_Data extract:_
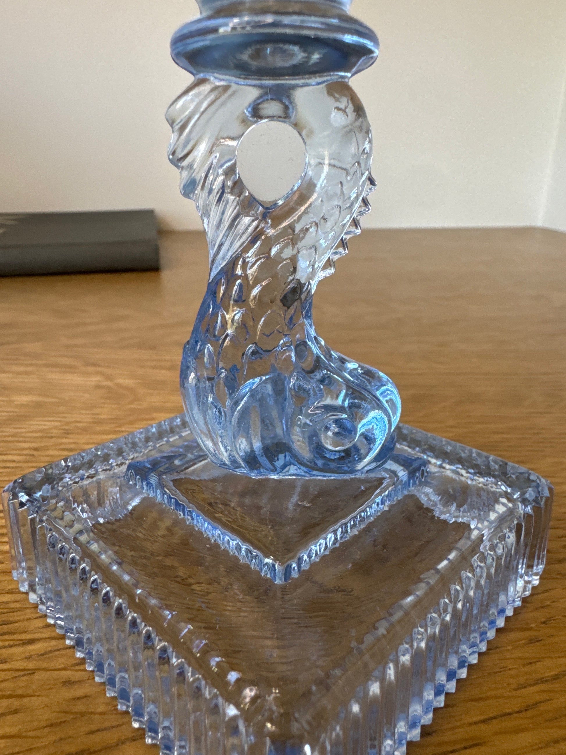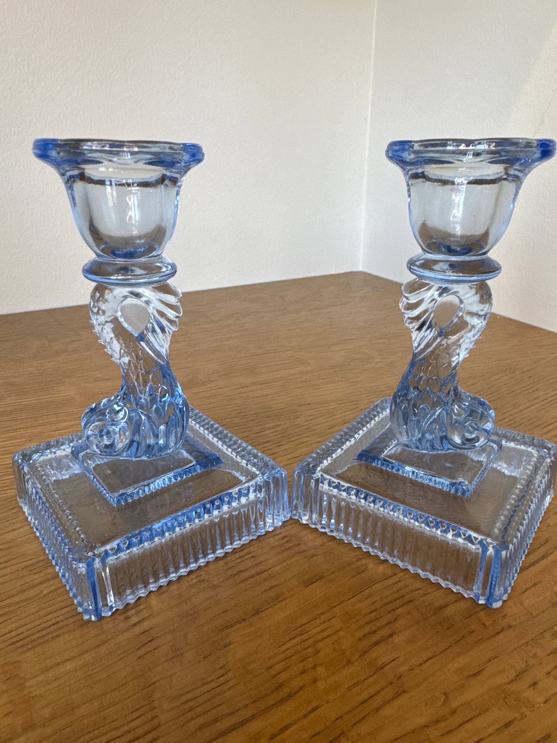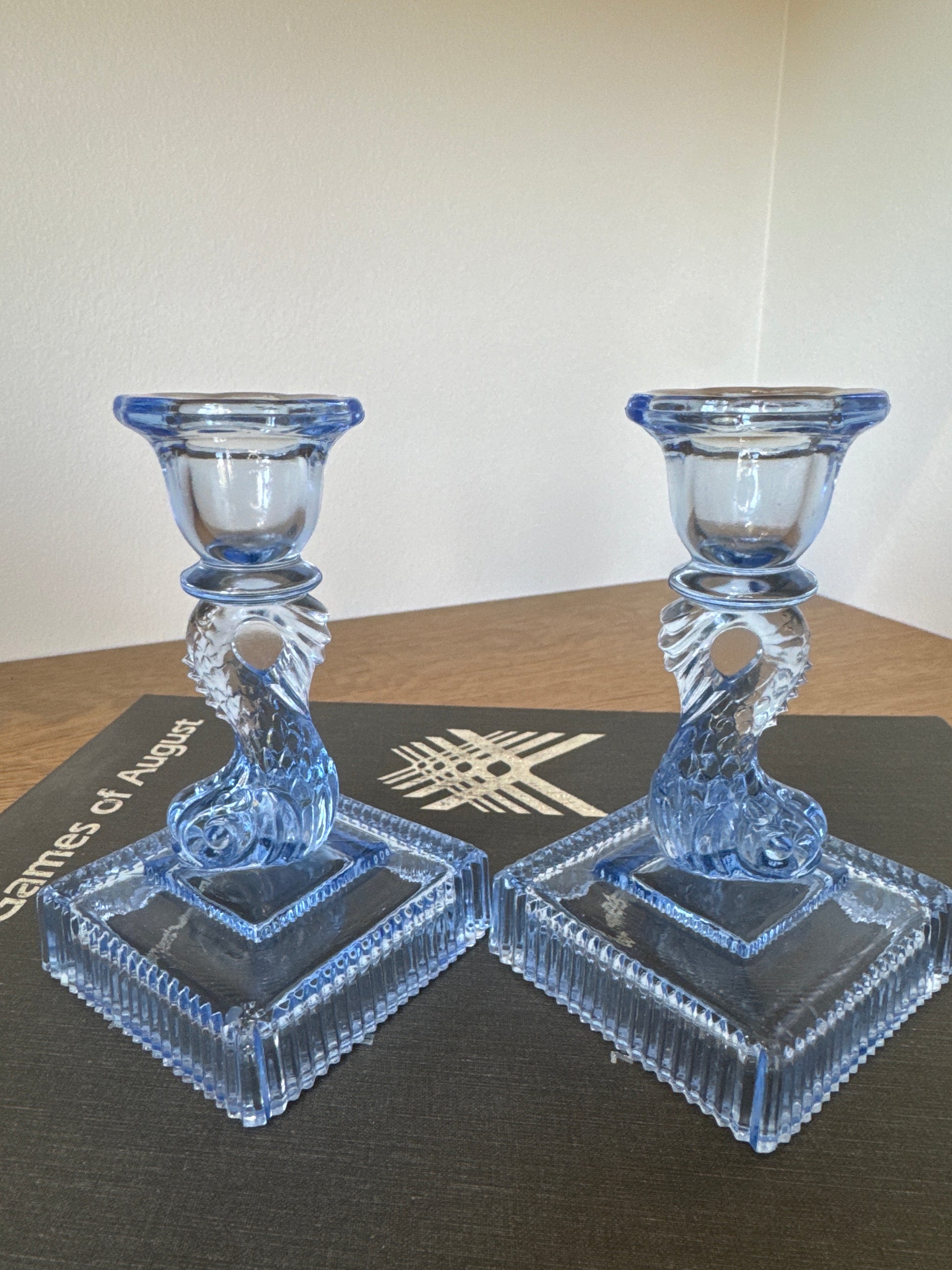 his charming pair of mid-century blue glass candlestick holders features stylized dolphin stems with graceful curves and pressed details. Each piece is made from vibrant blue glass with a glossy finish, bringing a playful but elegant touch to your table, shelf, or windowsill.
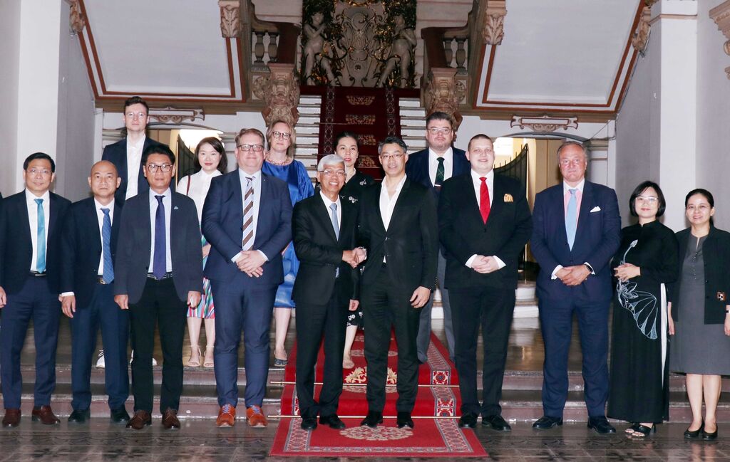 | Le vice-président du Comité populaire de Hô Chi Minh-Ville, Vo Van Hoan (1er plan, 5e à gauche) et l’ancien vice-chancelier, ancien ministre de la Santé et ministre de l’Économie et de la Technologie d’Allemagne, Philipp Rösler (1er plan, 5e à droite), et les délégués posent pour une photo de groupe. |
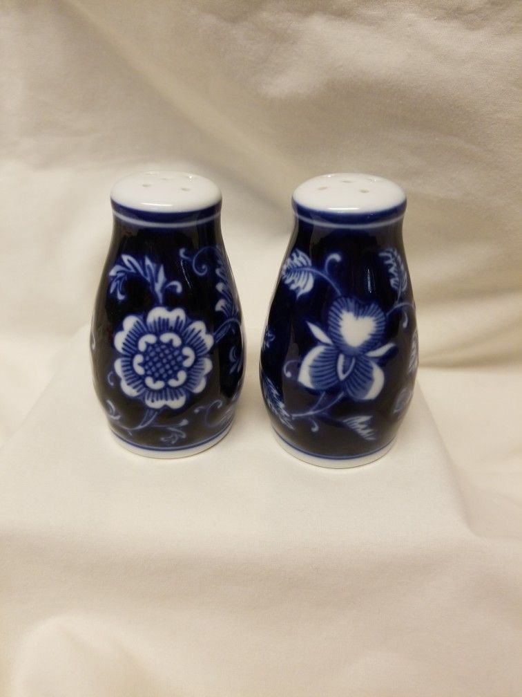 This is a set if pier 1 MANDARIN COBALT porcelain salt and pepper shakers (although they each have 5 holes on top) they each are about 3 1/2 in tall . $10 OBO cash only please
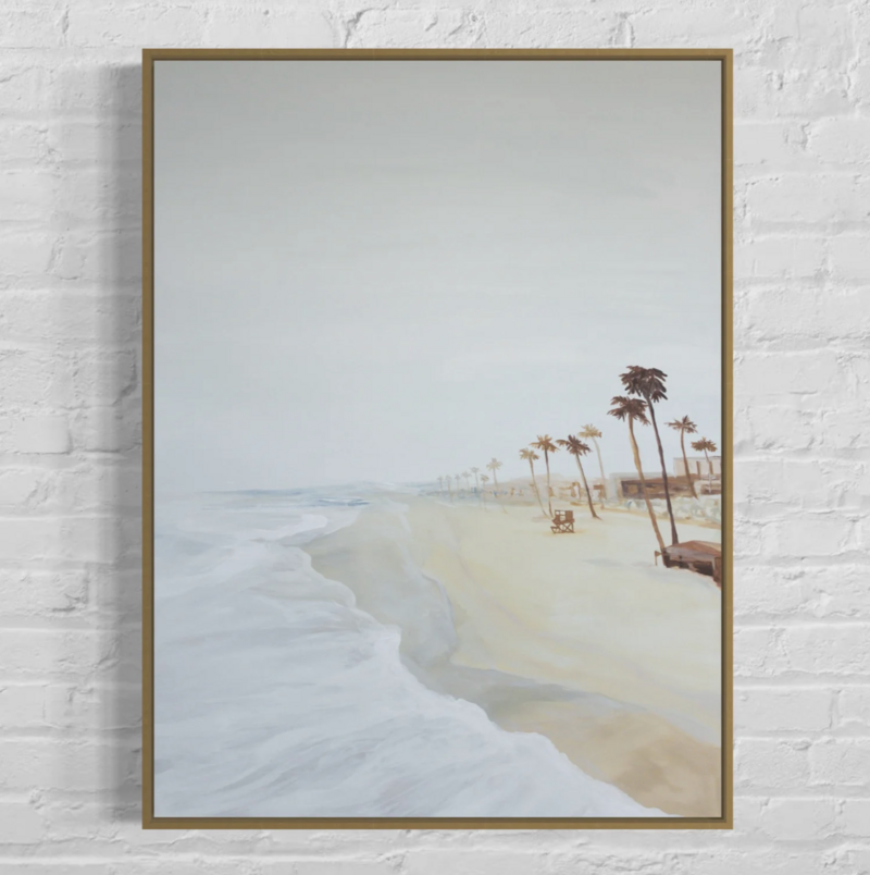 Ali works primarily in acrylic, blending fluid brushstrokes, seamless color transitions, and intuitive mark-making to capture both the energy and the calm of California’s coastline. Her painterly style is often described as what one might see when one squints and takes in a scene all at once, evoking a softened memory shaped by light, movement, and mood. Each piece carries an immersive quality, inviting viewers to pause and reconnect with their inner landscapes and the natural world.

_Prompt:_ Set the lines above down again, word for word, from the first through the one containing "This is a set"; pictures excluded.

_Response to this exercise:_
 his charming pair of mid-century blue glass candlestick holders features stylized dolphin stems with graceful curves and pressed details. Each piece is made from vibrant blue glass with a glossy finish, bringing a playful but elegant touch to your table, shelf, or windowsill.
 | Le vice-président du Comité populaire de Hô Chi Minh-Ville, Vo Van Hoan (1er plan, 5e à gauche) et l’ancien vice-chancelier, ancien ministre de la Santé et ministre de l’Économie et de la Technologie d’Allemagne, Philipp Rösler (1er plan, 5e à droite), et les délégués posent pour une photo de groupe. |
 This is a set if pier 1 MANDARIN COBALT porcelain salt and pepper shakers (although they each have 5 holes on top) they each are about 3 1/2 in tall . $10 OBO cash only please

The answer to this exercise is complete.